Ada yang bilang, krisis 1998 itu krisis kredit. Sekarang beda. Ini krisis fiskal. Pemerintah defisit. Utang jatuh tempo menumpuk. Pasar SBN semakin rapuh. Bank dipaksa menolong. BI terjepit.
Dan memang BI terjepit. Kalau ia membeli SBN untuk menolong pemerintah, pasar akan menuduhnya sedang "cetak uang gaya Orde Baru".
Itu berbahaya, karena inflasi bisa meledak. Tapi kalau BI cuek, kurs rupiah bisa rontok karena investor asing kabur dari pasar obligasi.
Kalau BI intervensi terus-menerus di pasar valas, cadangan devisa terkuras.

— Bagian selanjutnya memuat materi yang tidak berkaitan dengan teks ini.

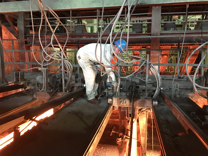 4#連鑄機投產(chǎn)后,因工作需要他來到連鑄,這一干就是8年。在這8年里,他不怕苦不怕累,愛崗敬業(yè),好學(xué)上進。2010年,他由于業(yè)務(wù)能力突出,被任命為臺下組長。彼時4#連鑄機剛投產(chǎn)不久,設(shè)備故障率居高不下,現(xiàn)場存在安全隱患,而他憑借自己干過維修工的特長,經(jīng)常主動整改安全隱患。原來在線搶檢修,崗位工只是配合鉗工,但他從不那樣想,總是親自動手參與搶檢修,許多人問他,“延明,你這樣累死累活的是何苦呢?設(shè)備故障有鉗工處理,歇歇吧。”但他總是笑呵呵的說:“你們歇吧,我不累。”剛生產(chǎn)出來的鑄坯,表面溫度達700—800度,但是他經(jīng)常冒著常人難以接受的溫度在線手工切割鋼坯。每次處理完后他總是大汗淋漓渾身濕透,像是從水里撈出來一樣。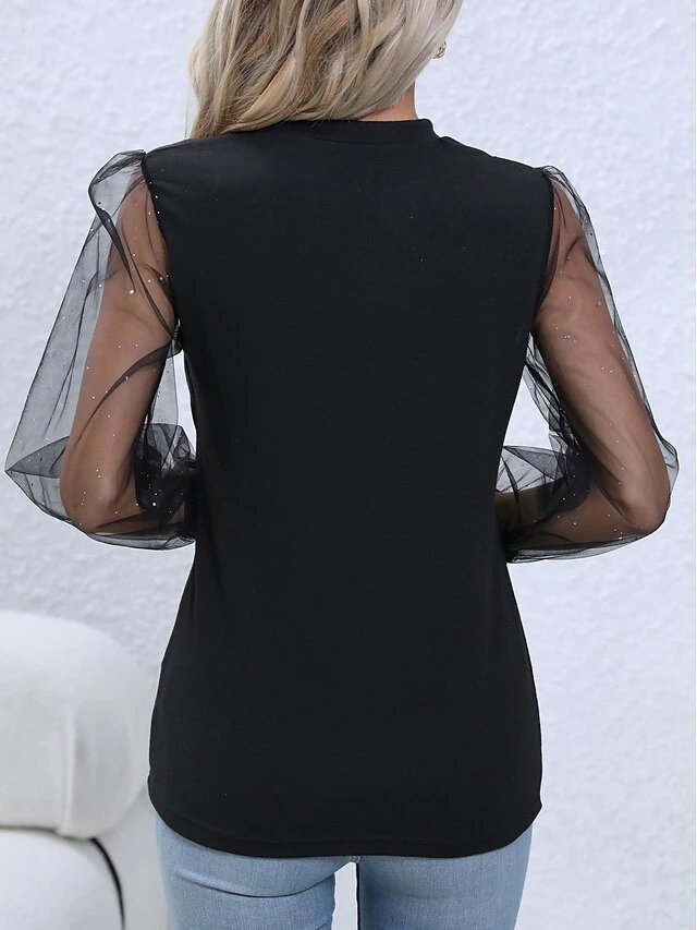Women’s Shirt Blouse Black Plain Mesh Patchwork Button Long Sleeve Casual Basic V Neck Regular Fit Spring &Fall

Jadi, BI seperti orang yang disuruh memilih: mau kepleset di kamar mandi atau jatuh dari sepeda motor. Dua-duanya sakit.
Lalu musuh baru sektor riil pun lahir. Bukan lagi pesaing usaha, bukan pula kurs dolar yang naik-turun. Musuhnya justru pemerintah sendiri. Karena pemerintah menerbitkan SBN dengan bunga tinggi.
Bank lebih suka menaruh uangnya di sana ketimbang meminjamkan ke pengusaha. Buat apa capek urus kredit UMKM dengan risiko gagal bayar, kalau bisa rebahan sambil menunggu bunga obligasi cair tiap bulan?
Begini saja: kalau dulu UMKM kalah bersaing karena kalah modal, sekarang mereka kalah karena kalah bunga. Bank-bank besar yang tadinya jadi urat nadi kredit, kini berubah jadi makelar SBN.
Sektor riil sekarat bukan karena tidak punya ide, tapi karena likuiditasnya disedot habis oleh APBN. Kalau dianalogikan, kira-kira begini
"UMKM itu seperti tukang bakso yang nunggu pinjaman modal, tapi bank lebih sibuk melayani pemerintah yang jualan obligasi rasa sate Padang. Hasilnya, tukang bakso pun cuma bisa gigit mangkok."
Data terbaru tidak bisa dibantah. Hingga Agustus 2025, kepemilikan perbankan terhadap SBN mencapai Rp1.920 triliun, naik hampir 12% dibanding tahun lalu.